> [EXERCISE BRIEF] I need the records below restated word for word, without their pictures.

[Dataset entries]
>>>>

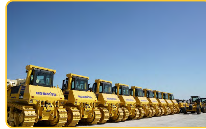
مركز دبي لعمليات التخزين

يستعرض مركز دبي لعمليات التخزين (DSO) كل ما يتعلق بالجودة والتميز في إدارة العمليات. نحن نقدم حلولًا متكاملة لتلبية احتياجات عملائنا في منطقة الشرق الأوسط وشمال أفريقيا Wallenius Wilhelmsen (WW). فخورة بتقديم خدماتها المتميزة التي تضمن رضا العملاء وتحقق أعلى مستويات الكفاءة.
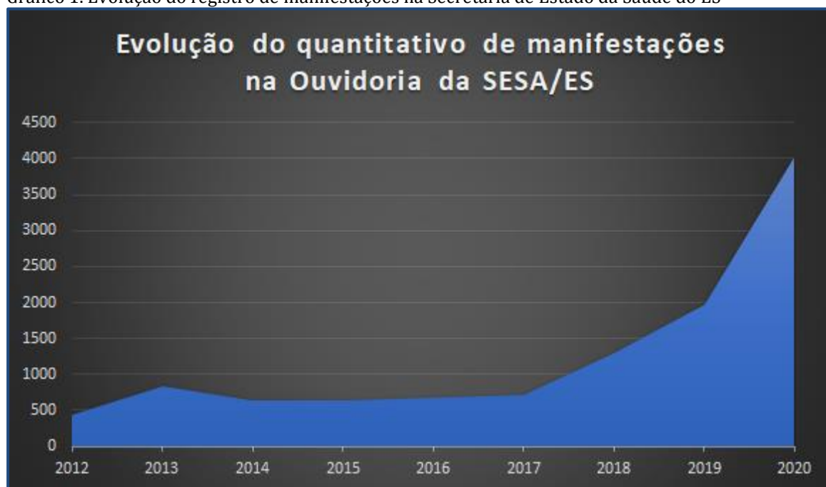
Gráfico 1. Evolução do registro de manifestações na Secretaria de Estado da Saúde do ES
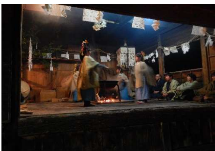
向方のお潔め祭り
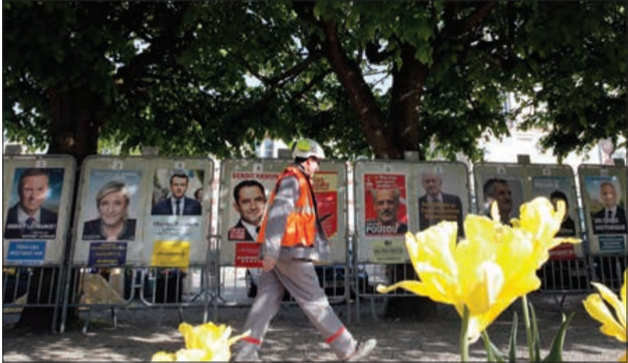
فرنسي يمر بجوار ملصقات انتخابية لمرشحي الرئاسة بأحد ضواحي باريس امس
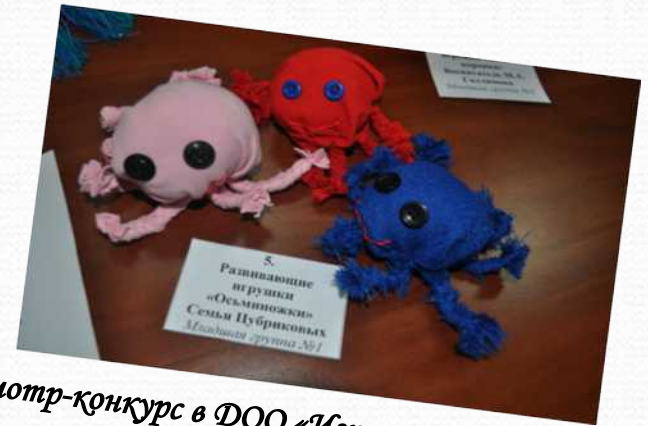
Смотр-конкурс в ДОО «Игрушки для развития речи»

<<<<

> [EXPECTED OUTPUT]
مركز دبي لعمليات التخزين

يستعرض مركز دبي لعمليات التخزين (DSO) كل ما يتعلق بالجودة والتميز في إدارة العمليات. نحن نقدم حلولًا متكاملة لتلبية احتياجات عملائنا في منطقة الشرق الأوسط وشمال أفريقيا Wallenius Wilhelmsen (WW). فخورة بتقديم خدماتها المتميزة التي تضمن رضا العملاء وتحقق أعلى مستويات الكفاءة.
Gráfico 1. Evolução do registro de manifestações na Secretaria de Estado da Saúde do ES
向方のお潔め祭り
فرنسي يمر بجوار ملصقات انتخابية لمرشحي الرئاسة بأحد ضواحي باريس امس
Смотр-конкурс в ДОО «Игрушки для развития речи»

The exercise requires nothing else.